As I work on finishing a draft of the first installment of the MADCAP MANIFESTO, I have gotten in the habit of switching over to Craigslist or whatever to peruse tools that I need, might need, want, would like to have, don’t need, but will eventually buy etc. Work on the first installment of the manifesto has proven to be an exercise in writer’s block, as I have a great deal to say, but am struggling to sort it all out in an intelligent manner.
Anyone who has been following this blog knows what a hopeless woodworking tool … ahem …enthusiast I am. I use that statement as a qualifier because what follows is the truth, the whole truth, and nothing but the truth so help me Rockwell Delta.
I stumbled on a post on Craigslist that was simple enough. “Woodworking tools” . These posts normally contain various bits and scraps of cheap throw away hobbyist tools. Sometimes though, they can contain pure gold…..
It seems that a man in a town about 30 miles from me lost his father, an engineer by trade and life long amateur woodworker, to the ravages of time and old age. (Rest in peace). The son and his brothers had all grown and established their own tool collections, so what the Dad had left behind was to be sold.
A couple of really choice machines were for sale at reasonable prices. A Grizzley 15″ planer, a 1955 Craftsman (built by the Atlas Tool Works) 17′ bandsaw, and…..drum roll please…..a 1948 Delta Unisaw..
The son mentioned that his post had been on Craigslist for the better part of 6 weeks with virtually zero interest. In fact, I was only the second person to contact him about any of the tools.

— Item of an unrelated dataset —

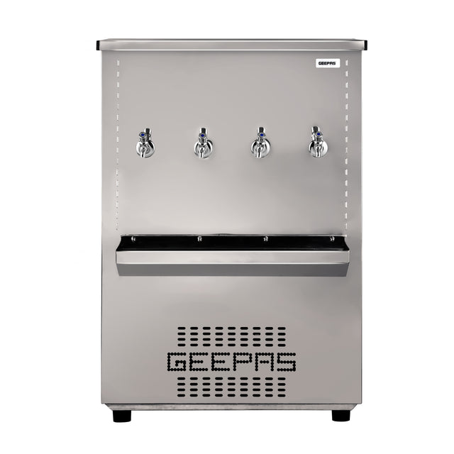Geepas 100 L Stainless Steel Water Cooler- GWCL8842| 4 taps and 65 Gallon Capacity| Temperature Range 7-Degrees Celsius| Air Cooling Condenser Cooling Type|

It was the Unisaw I was interested in. For the uninitiated, the Delta Unisaw, especially the pre and immediately post war vintages, are the undisputed Rolls Royce of table saws. They are built with old world attention to detail. Castings were poured into molds, then removed after cooling and buried in sand for two years prior to being milled flat for assembly and sale. This practice ensured that any movement that the table castings or arbor castings would suffer from (twist, warp, cupping, bowing) would occur prior to final milling and finishing and remain true for their life thereafter. Motors were heavy and powerful. They develop an enormous amount of torque despite their anemic horsepower ratings. Better in EVERY WAY than anything built today short of a saw from Germany or Switzerland.
So it was that I entered into half hearted negotiations with this man. Surely he would want to stick to his asking price of nearly $500. Besides, LOML, would never cotton to my bringing home another dusty old relic that would duplicate what was already in the Tiny Shop.
In talking with the son, he discussed how weary he was of waiting to move this piece of iron. He said he is just looking for the right person to come along, someone who knew what a gem this machine was. Someone who would use it, not just resell it or *GASP* part it out. It was his intention at this point, he said, to let the saw go for the first reasonable offer to such a person. I was beside myself.
The FIRST thing I needed to do was delicately explain to my sainted wife, WHY I needed…not wanted….neeeeeded, this saw. She must have seen the desperation in my eyes since she made a deal with me. If I could sell the General now installed in the tiny Shop, I could have the Unisaw. No disposable income was available for a purchase like this, and whatever funds I could get for my General, were all we had for an offer on the Unisaw.
In 24 hours, I had the general sold for $50 more than I had paid for it originally, and was locked in to a price with the Unisaw seller that allowed me to remain on speaking terms with my beloved wife.
Above is a picture taken moments after the arrival of the “table saw de tuti table saw”. 430 pounds of purring smooooooothness. This is prior to any clean up, I have only gotten the extension wings re-attached and the motor rewired by the time I snapped this picture.
Lovely clean and dead flat top.
Behold! An all original Delta miter guage
The Bullet. 90-some pounds of torque, ummph, and coniferous carnage. Just not made like this any more.
Can I get an…..AMEN!!!!
Just a little art deco to bring some class and panache into the Tiny Shop.